Therefore, it is crucial to identify the factors associated with adherence to antihypertensive medication to improve the control of blood pressure among patients with hypertension in Nepal [14]. Several studies have reported the presence of co-morbidity, alcohol consumption, self-purchasing of medications [7, 14], forgetfulness [13, 14], unavailability of hypertensive medicines at the nearest health facilities [15], large number of medications prescribed, irregular follow-up [16, 17], etc., were all linked to non-adherence to antihypertensive medication and all identified factors were modifiable. Although several studies have shown the prevalence of hypertension, level of medication adherence and factors associated with adherence to antihypertensive medications in some parts of Nepal [13, 1517], there is limited evidence on medication adherence at the tertiary level hospital in Nepal.

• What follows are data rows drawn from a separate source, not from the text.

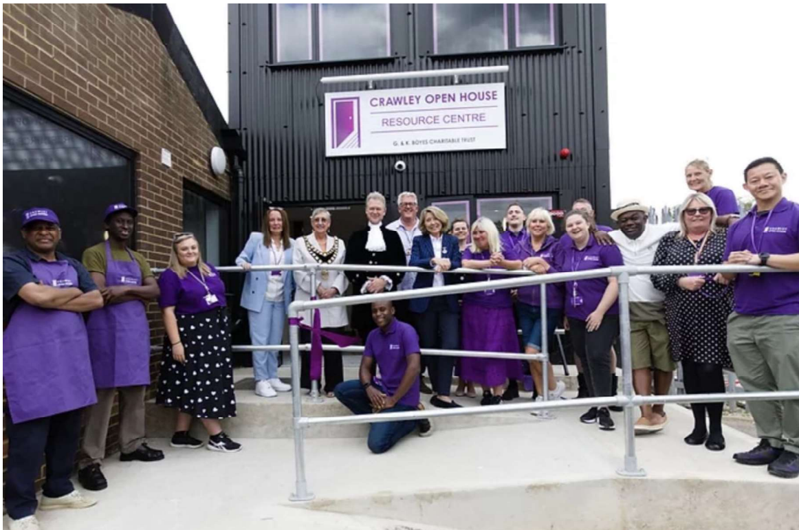
Opening of the new Resource Centre

The value of donated professional services and construction products from CRASH Patrons and Supporters came to £58,780. CRASH also gave a grant of £30,000 make the total value of help delivered a total of £88,780.
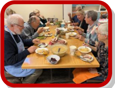
Traditional Danish Harvest Lunch
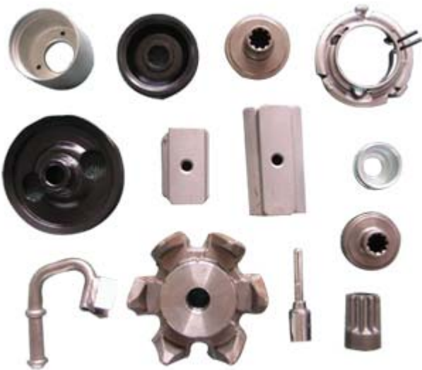
hot forgeing part-03
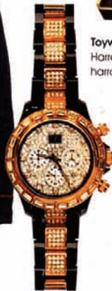
Toywatch watch Harrods from (£229) harrods.com
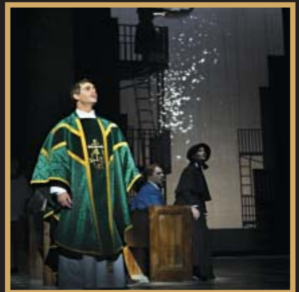
DOUBT FROM THE MINNESOTA OPERA is an adaptation of John Patrick Shanley's hit Broadway play about suspicion leading to a battle of wills at a Bronx Catholic school.
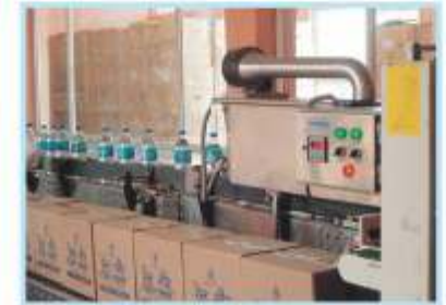
Packaged Drinking Water Plant for Railways
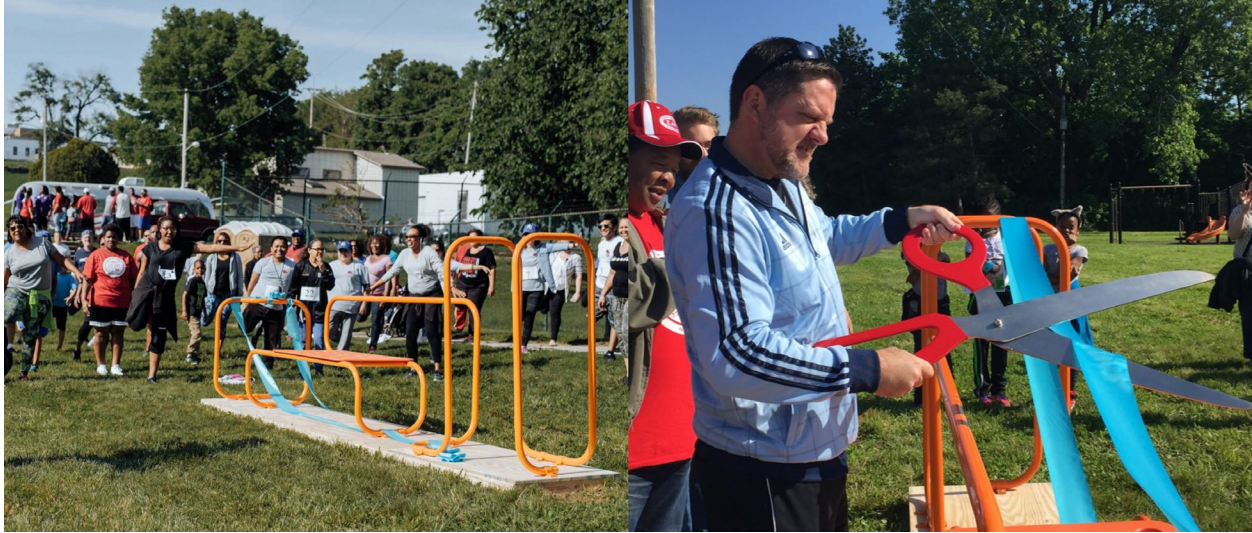
Figure 3: Mayor Mark Holland cutting the ribbon on exercise station prototypes designed and constructed in a third-year design studio course (Dotte Agency)

legitimize this work in an academic way that institutionally favors individual achievement (achieving promotion and tenure for this work is evolving in universities)—none of which is easy. However, we have identified four basic ways to work: (1) learn by designing and making; (2) learn by cross-disciplinary engagement; (3) learn by engaging in other fields and cultures; (4) learn by serving in the pipeline.

Therefore, this study was conducted to assess the level of medication adherence and its associated factors among patients with hypertension attending Manmohan Cardiothoracic Vascular and Transplant Centre, a cardiac tertiary center hospital in Nepal, to inform the future contextual intervention design and implementation.

Materials and methods

Study design and setting

This was a hospital-based analytical cross-sectional study conducted at Manmohan Cardiothoracic Vascular and Transplant Center (MCVTC), a tertiary care hospital of Kathmandu district under the Bagmati Province of Nepal. This hospital is located in the capital city of Nepal within the premises of Tribhuvan University and Teaching Hospital, a leading healthcare institution in the country, for more than two decades. On average, 80–120 patients attend the outpatient department (OPD) each day for Hypertension and various other heart conditions based on hospital records.

Study population.

This study included the diagnosed patients with hypertension who visited the cardiology Out Patient Department (OPD) of Manmohan Cardiothoracic Vascular and Transplant Center (MCVTC) in Nepal.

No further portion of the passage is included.